• [DATA SEGMENT]:

---------------

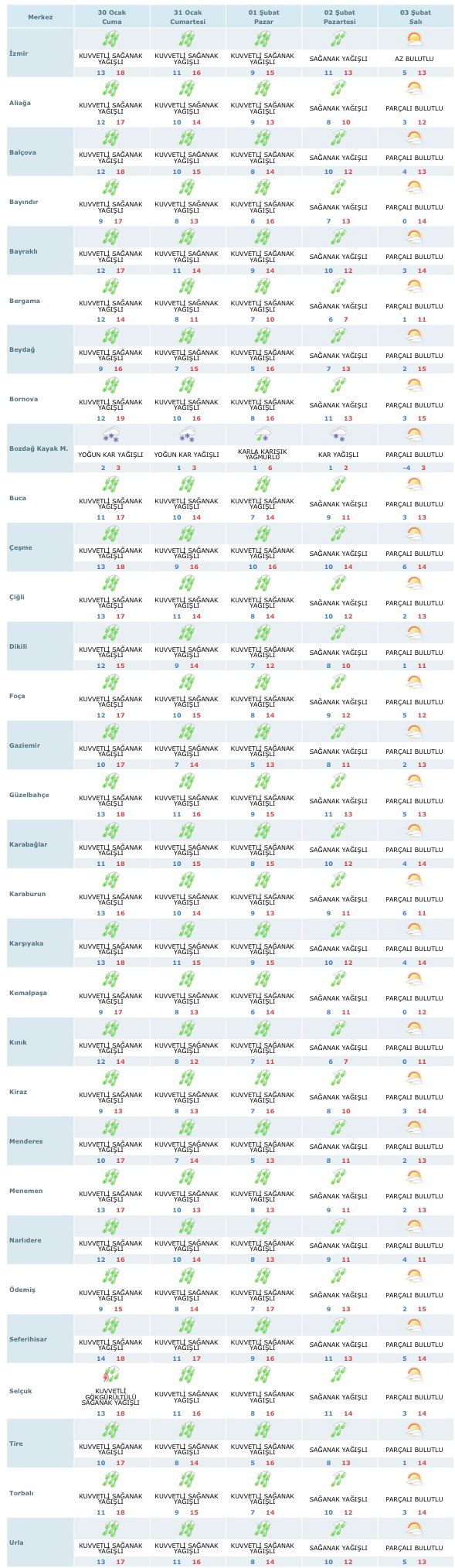 Meteoroloji Genel Müdürlüğü (MGM), İzmir genelinde etkili olması beklenen gök gürültülü sağanak yağış ve kuvvetli rüzgâr nedeniyle sarı kodlu uyarı yayımladı. Uyarı kapsamında kent merkeziyle birlikte birçok ilçe risk altında bulunuyor.
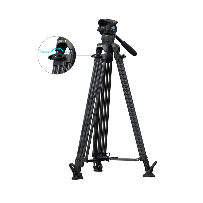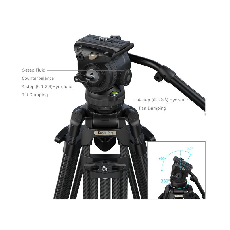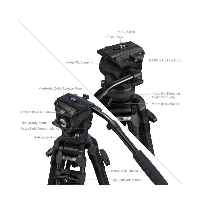 Package contains | SmallRig FreeSpeed FSD16 Heavy-Duty Carbon Fiber Tripod cu cap fluid Placa quick release Surub 1/4"-20 Surub 3/8"-16 Buton de fixare (tie-down) Maner telescopic pentru pan Clema pentru telefon Cheie Allen Geanta de depozitare |
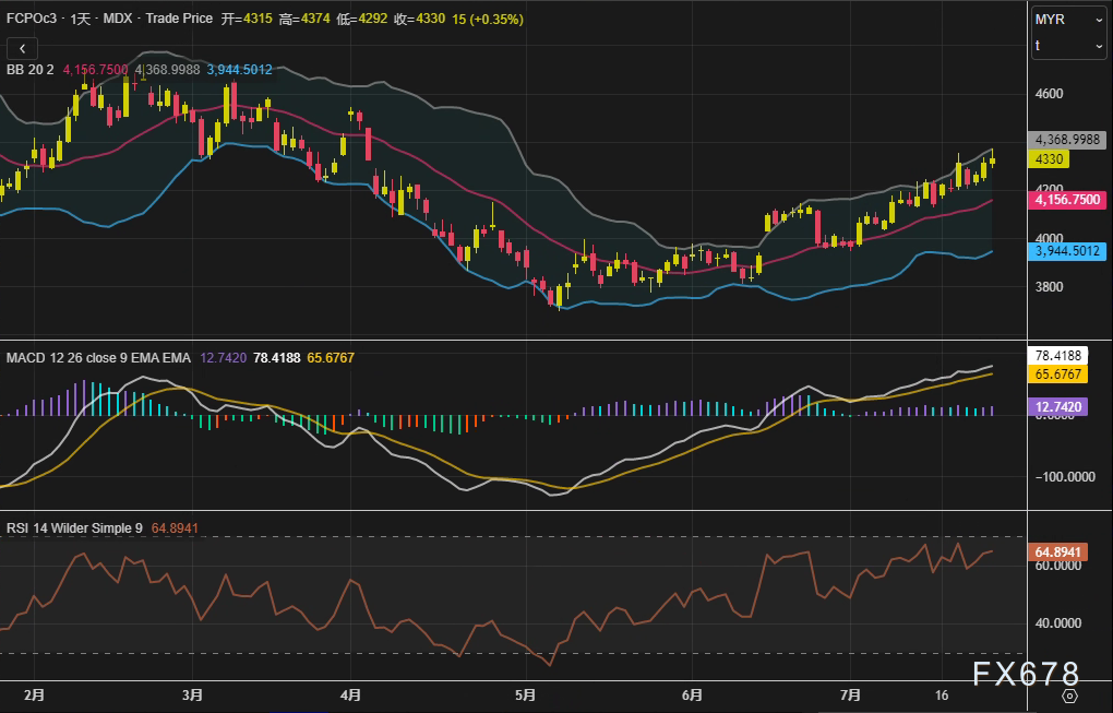 从技术面看,当前棕榈油价格仍处于布林通道中轨(4156林吉特)与上轨(4369林吉特)之间,MACD指标虽维持金叉但柱状线收窄,RSI(14)报64.89,接近超买区域,显示短期可能存在回调压力。

---------------

• [YOUR GOAL]: Copy every line above word for word and exclude the pictures.

• [RESULT]:
 Meteoroloji Genel Müdürlüğü (MGM), İzmir genelinde etkili olması beklenen gök gürültülü sağanak yağış ve kuvvetli rüzgâr nedeniyle sarı kodlu uyarı yayımladı. Uyarı kapsamında kent merkeziyle birlikte birçok ilçe risk altında bulunuyor.
 Package contains | SmallRig FreeSpeed FSD16 Heavy-Duty Carbon Fiber Tripod cu cap fluid Placa quick release Surub 1/4"-20 Surub 3/8"-16 Buton de fixare (tie-down) Maner telescopic pentru pan Clema pentru telefon Cheie Allen Geanta de depozitare |
 从技术面看,当前棕榈油价格仍处于布林通道中轨(4156林吉特)与上轨(4369林吉特)之间,MACD指标虽维持金叉但柱状线收窄,RSI(14)报64.89,接近超买区域,显示短期可能存在回调压力。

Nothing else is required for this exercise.